Influences of stratospheric intrusions to high summer surface ozone over a heavily industrialized region in northern China

Abstract

The stratospheric contribution to tropospheric ozone has long been a topic of much debate over the past few decades. In this study, we leveraged multiple datasets from surface, sounding and satellite observations to reanalysis datasets, along with a global chemical transport model (Global Nested Air Quality Prediction Modelling System, GNAQPMS) to investigate the impact of a stratospheric-to-tropospheric transport (STT) event characterized by long duration and wide range in the summer on surface high ozone episodes over heavily industrialized regions in northern China. In 14–18 August 2019, the ERA5 reanalysis datasets showed a potential vorticity (PV) tongue and a deep, upper-level trough penetrate towards 35° N over the North China Plain (NCP), indicating the occurrence of a stratospheric intrusion. From Atmospheric Infrared Sounder (AIRS) measurements, we found that the ozone-rich, stratospheric air mass had been injected into the lower altitudes. The GNAQPMS generally captured the featured layers, although there was a slight underestimation in the low troposphere.

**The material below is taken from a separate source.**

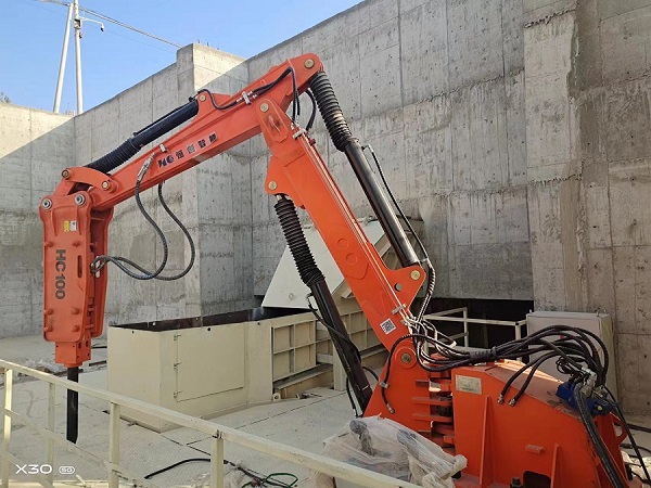 1. 固定式液壓碎石機(jī)安裝在砂石骨料鄂破口或入料口處,高效破碎堵塞石塊,提高了砂石骨料的生產(chǎn)效率,遙控操作讓人員遠(yuǎn)離了危險(xiǎn)區(qū)域,降低了人工成本。

The averaged magnitudes of stratospheric contribution (O3S) and percentage (O3F) simulated by GNAQPMS were 3–20 μg m−3 and 6%–20%, respectively, while the Whole Atmosphere Community Climate Model (WACCM) indicated a higher stratospheric contribution by 3–5 μg m−3. Through this study, we give our opinions on the controversial topic of a more thorough understanding of the influence of natural processes apart from anthropogenic emissions, even in a heavily polluted region during summer.